The Arch of Janus was not an entry to the city, as the city wall extends across the Tiber into the Trastevere district. However, it’s location may have served as a pointer to the Forum Romanum. Today, a fence prevents both vehicles and pedestrian traffic from passing beneath its crumbling stonework. By the sixth century, the Forum Romanum had largely reverted to its original function as a marketplace, and that included the sale of slaves.
The Venerable Bede

The Northumbrian monk, St. Bede, records a tale of two Anglo-Saxon slave boys for sale in Rome seen by Gregory before he was elected as Bishop of Rome, and on this basis some years later, launched a mission to England. He writes, “One day, soon after some merchants had arrived in Rome, a quantity of merchandise was exposed for sale in the market place. Crowds came to buy, and Gregory too was among them. As well as other merchandise he saw some boys put up for sale, with fair complexions, handsome faces, and lovely hair”. From them he learns that they come from a heathen land and that

they were called ‘Angli’, to which Gregory famously responded, “Not Angles, but angels!” Bede’s account, however, does not claim that Gregory bought their freedom, only that their story served to inspire the idea of a mission to Kent some years later.
There was no significant movement within Church or Society before the nineteenth century to abolish slavery. Gregory’s own practice, when he founded St Andrew’s Monastery on his family estate in Rome, was to give freedom to slaves within his own household. However he did not actively seek to purchase slaves on the open market as a way to undermine the deeply-embedded social and commercial practice of slavery.
St Paul and Slavery
St Paul, in the first century AD, was the first Christian to write anything theological about slaves. There was no abstract concept of ‘inalienable human rights’. Slavery was just part of the way things were, and seen as an essential element in the global economy. Paul’s way into the issue was not through ‘human rights’, but through the Roman understanding of the rights that were conferred by ‘citizenship’ which was denied to slaves and most foreigners.
St Paul took this Roman concept (he was born a Roman citizen, unlike most outsiders who had to buy this right at great price) and stood it on its head. All Christians were, by God’s free gift, full citizens of the Kingdom of God.

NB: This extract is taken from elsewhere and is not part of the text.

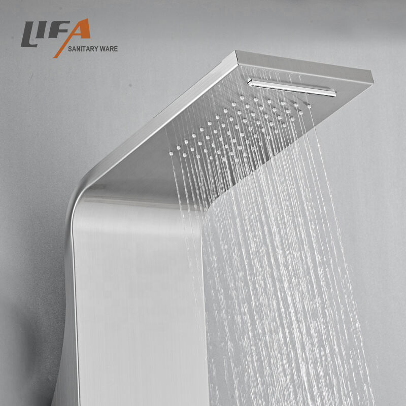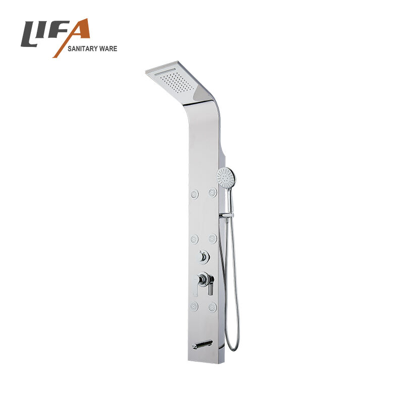 Shower mixer set bathroom massage jets stainless steel wall mounted shower panel CF-8023Product NameSS shower panelModel NumberCF-8023Size1500*200*70mmMaterialStainless steelHead showerplastic head shower, waterfall, rainfallHand showerMultifunctional chrome plastic hand showerShower holderChrome finished, plastic shower holderMassage jetsChrome finished, plastic massage jetsWarranty2 year
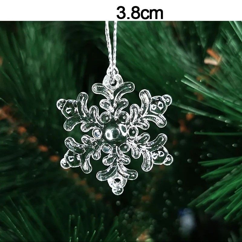 Set de 5 bucăți de ornamente de Crăciun din plastic transparent în formă de fulg de zăpadă 3,8 cm cu suspendare pe sfoară pentru bradul de Crăciun

Therefore, their task is to work out the implications of their new citizenship in the world, so that ‘citizenship rights’ would eventually become the norm for everyone.
St Paul wrote “There is no longer Jew or Greek, there is no longer slave or free, there is no longer male and female for all of you are one in Christ Jesus.” (Galatians 3:28) How can a Christian treat another person as a slave if he or she is a fellow-Christian, someone whom Christ has set free in his own Kingdom?
This was not a theological idea that attracted much support, either in the first century, or in the eighteen hundred centuries that followed. Slavery was far too convenient and trade in human flesh too profitable to lay down without a fight. In Britain, it took until the early C19th to achieve this. (And work is still in hand on ethnic and gender differences).
Returning to Gregory in the slave market, Bede himself seems uncertain about the veracity of the story of slave boys in the market place as a reason for launching the mission to England. He places his tale as a slightly apologetic ‘appendix’ to his account of the mission to England, rather than as his prologue for Gregory sending Augustine in 596. What Gregory himself actually writes is that he launched the mission in direct response to an appeal from the Kentish royal household, the rulers of ‘the English people’.
Does this account of English slave boys then have no substance? Not entirely. We do know, from Gregory’s own Papal Registry, that as the Bishop of Rome he authorised payment for two young Saxon boys to be educated in a monastery in France, and paid for this out of funds from papal estates there. Presumably because the Frankish tongue was close enough to Old English. This may perhaps explain the confusion surrounding these Anglo-Saxon boys in Bede’s record of Augustine’s mission to England.